Worked with Bob today, geting more plywood up on the basement walls. Here’s the before photo.

Using some of the plywood we had painted for just this purpose.

The board, cut to fit along the studs, with a 30 degree taper at the base, as well as notches for the electrical outlet and floor joists.

I really wasn’t much help here, and mostly watched as Bob did all the work. But we reviewed the approach and mechanics as this was happening.

One thing I am just terrible at: measuring things. I’m good with 1/4 measurements, but anything more specific than that an my brain fritzes a little. It’s hard for me to jump between x/8ths or x/16ths quickly, and I think I just need to do more of it. I need more practice.

I’m planning on tackling the next board, and doing all the measurements and markings. Not sure if I’ll get so far as to actually do the cutting (though we are eye-ing a multitool right now), but I feel like we have the steps and process down.

I’ll be working with Liz, which should help – as she’s an old hat at measuring things, given all her custom sewing projects.

The plywood in place, affixed with screws, liquid nails, and a bit of great stuff foam thrown in at the bottom to help against any drafts. As we were doing dry fits of the board, we ended up needing Liz to come down to help.

Having a third person definitely made it easier to hold the piece in place, while looking to see where things were getting stuck. We did maybe four or five dry runs, putting the plywood up, then taking it down and fine tuning it… and then trying to fit it again.

I have to say… it looks really nice.

Because of how uneven things are, Bob used a laser level to mark several points on the wood – and we snapped a line (see the blue chalk on the left).

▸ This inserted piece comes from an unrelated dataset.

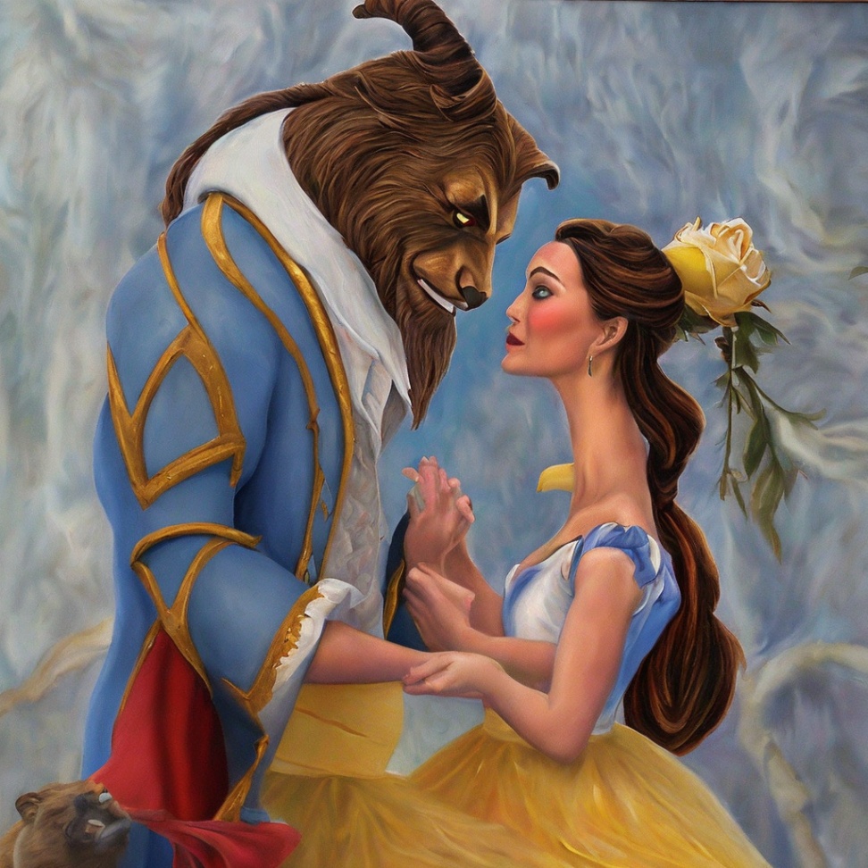 In the story of "Beauty and the Beast," a beautiful young woman named Belle encounters a beast who is cursed to live in the form of a hideous creature. As Belle spends time with the Beast, she sees beyond his external appearance and discovers his kind and loving nature. Through her unconditional love, the Beast is transformed back into a handsome prince.

To make a space for the next line we’d snap, we spray-painted some of the wood.

It’s so old and so dry, it just soaked up the pain. Even after 4+ applications, the wood on the left looks like we barely painted it.

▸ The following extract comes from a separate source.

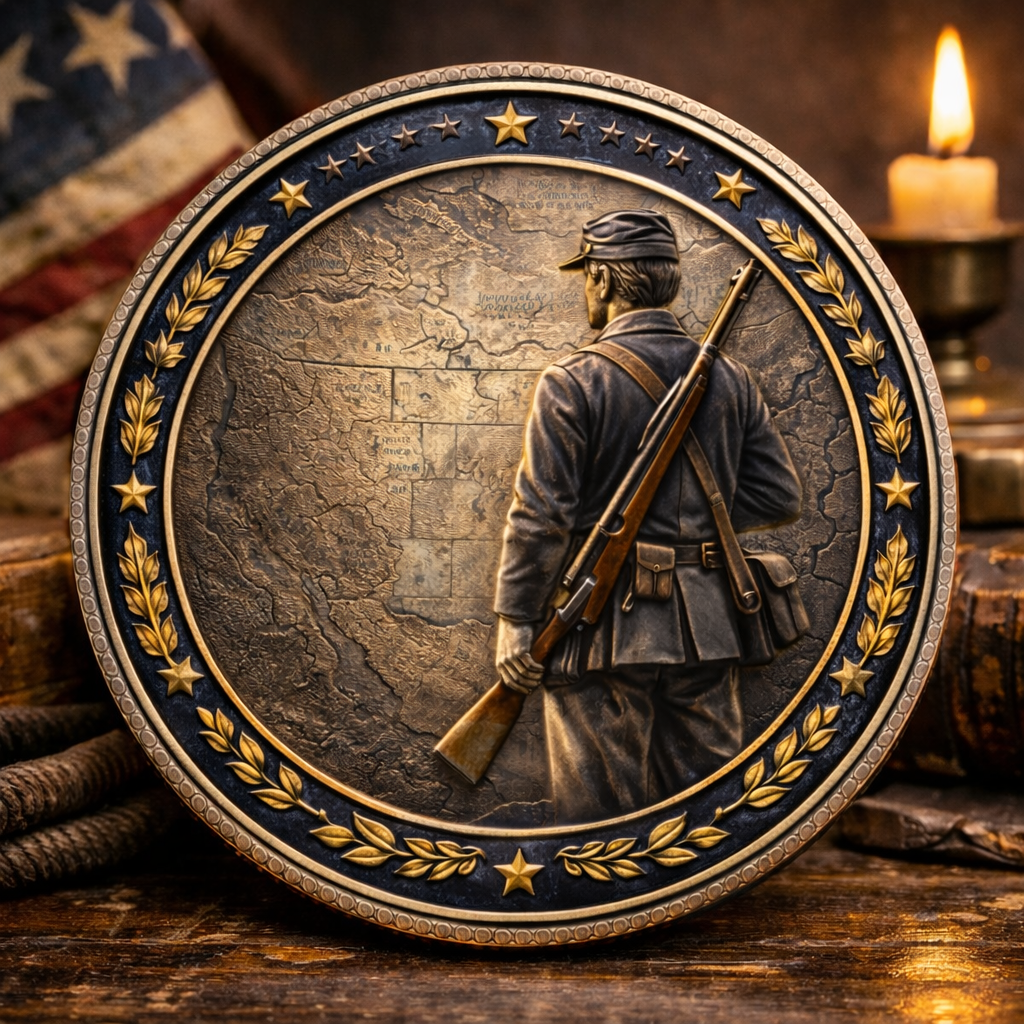This “Sworn to the Union” commemorative coin is designed for people who still feel the weight of the Civil War oath—defend the Union, uphold the Constitution, and carry that promise forward. One side captures the moment of the soldier’s raised hand; the other shows him standing guard over the map of the reunited states. It’s not just a collectible, it’s a small tabletop reminder of what it costs to keep a country together.

We finished the day talking about the next length of plywood, and what we would need to be working with (joists, mostly). In talking, I realized I had a complete misunderstanding of why we were applying plywood in the first place.

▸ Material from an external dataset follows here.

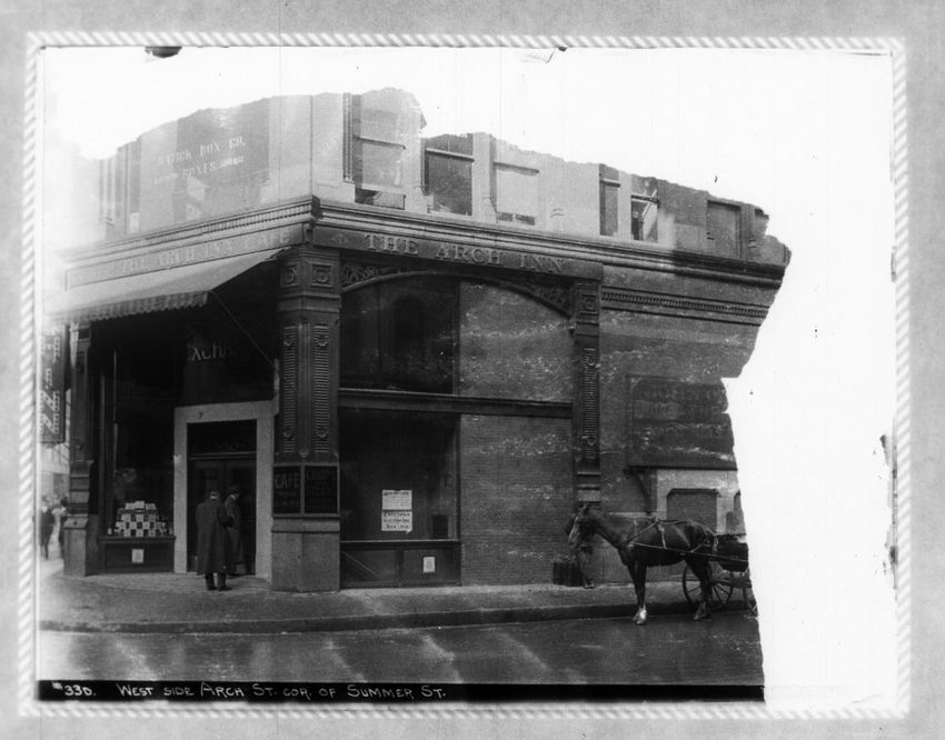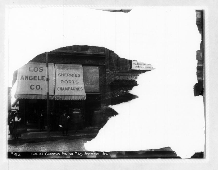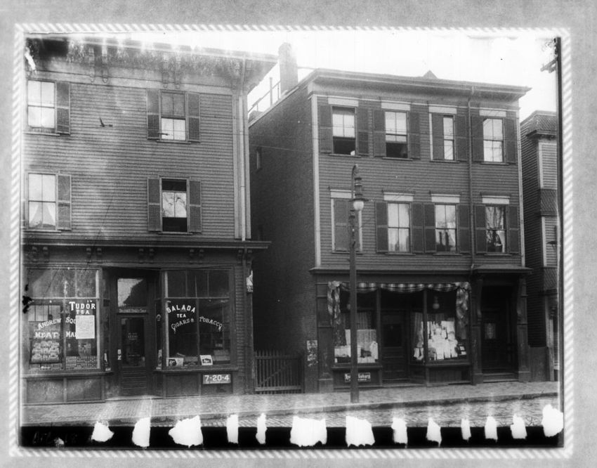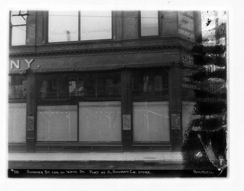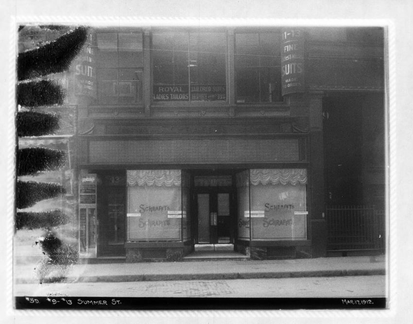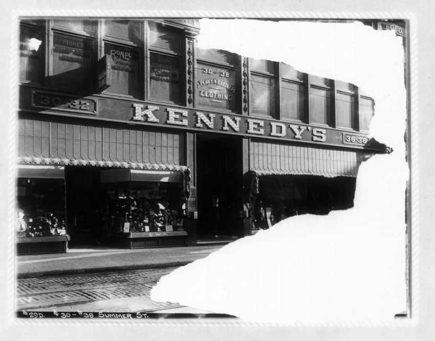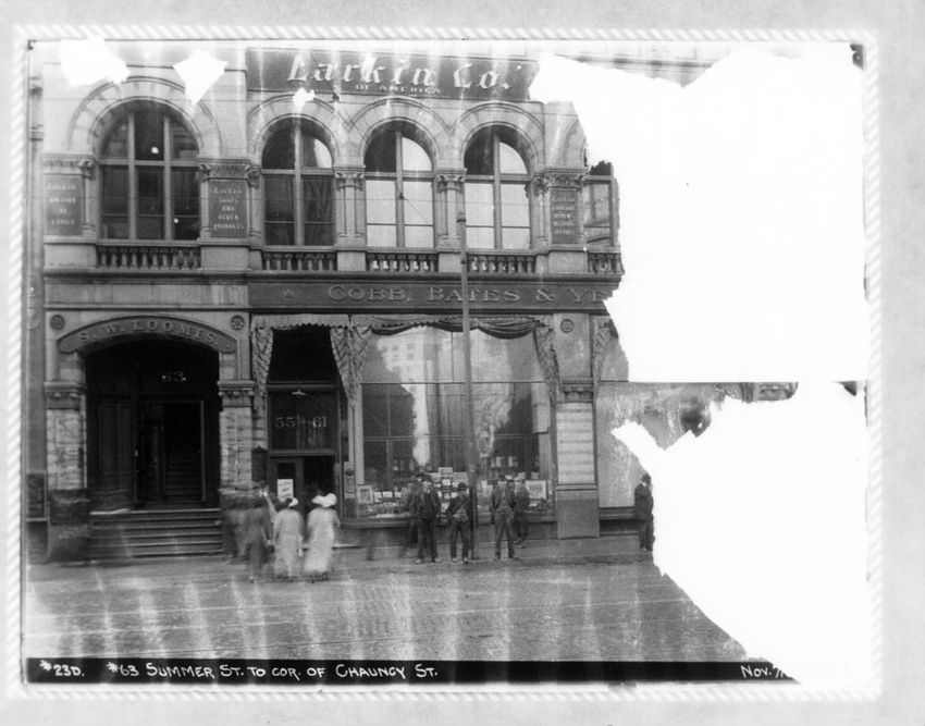 Pedestrians are in front of Cobb, Bates & Yerxa, groceries, at 55-61 Summer Street. S.W. Loomis, clothing, is to left at 63 Summer. The Larkin Company, soap and other products, is on the second floor.

I was just thinking that we were adding in plywood as a base to the walls, which we would then affix drywall to. But the real reason for the plywood is to further strengthen the studs along the wall.

Normally, plywood would move and shift with the wall. But since we’re affixing it with screws and liquid nails, it’s staying in place. What this ends up meaning is that if one of the studs gets weak or starts to fail, the plywood helps to carry that weight, and will distribute it to the studs on either side.